Complete step-by-step answer:
We have been provided that the point $ (2,\alpha ,\beta ) $ lies on the plane which passes through the points (3,4,2) and (7,0,6).
So, we will let the equation of the plane $ a(x - {x_1}) + b(y - {y_1}) + c(z - {z_1}) = 0 $ passing through (3,4,2).
 $ a(x - 3) + b(y - 4) + c(z - 2) = 0 - > (1) $ ,
We have been given that this pane also passes from the points (7,0,6).
So, we can substitute it for (x, y, z) coordinates in the above equation and we get, $ a(7 - 3) + b(0 - 4) + c(6 - 2) = 0 $ ,
Now simplifying the equation, we get, $ a - b + c = 0 - > (2) $ .
We have been given that eq (1) is perpendicular to plane $ 2x - 5y = 15 $ ,
So, we know that if a plane is perpendicular to another plane the formula used is, $ {a_1}{a_2} + {b_1}{b_2} + {c_1}{c_2} = 0 $
Therefore, the equation would be, $ 2a - 5b + 0c = 0 - > (3) $ ,
Now we will solve eq (2) and (3),
 $ a - b + c = 0 $ and $ 2a - 5b + 0c = 0 $ ,
 $ \dfrac{a}{5} = \dfrac{b}{2} = \dfrac{c}{{ - 3}} = \lambda $
So, the values come out to be, $ a = 5\lambda ,b = 2\lambda ,c = - 3\lambda $ ,
Putting these values in eq (1), we get, $ 5\lambda (x - 3) + 2\lambda (y - 4) - 3\lambda (z - 2) = 0 $ ,
The equation would be, $ 5x + 2y - 3z = 17 - > (4) $ ,
This is the required equation of the plane.

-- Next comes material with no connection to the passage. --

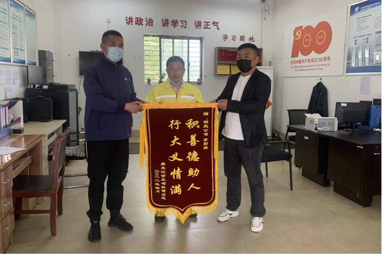 4月28日上午,一面写着“积善德助人 行大义情满”的锦旗送到了眀茂新能源东区大港路充电场站员工苏勋波的手中,货车司机黄占武紧紧地握着他的手说道,“谢谢苏师傅,谢谢见义勇为的英雄!”

Now, we have been given that point $ (2,\alpha ,\beta ) $ lies on this plane eq (4),
We will get, $ 5(2) + 2(\alpha ) - 3(\beta ) = 17 $
So, from this we can find the value of $ 2\alpha - 3\beta $ , $ 2\alpha - 3\beta = 7 $ ,

So, the correct answer is “Option d”.

Note: We can solve this question by another method as we have been given that the points (3,4,2) and (7,0,6) and is perpendicular to the plane $ 2x - 5y = 15 $ so we can find the cross product to find the equation of the plane, and after that we can simply put the points $ (2,\alpha ,\beta ) $ in that equation to get the value of $ 2\alpha - 3\beta $ .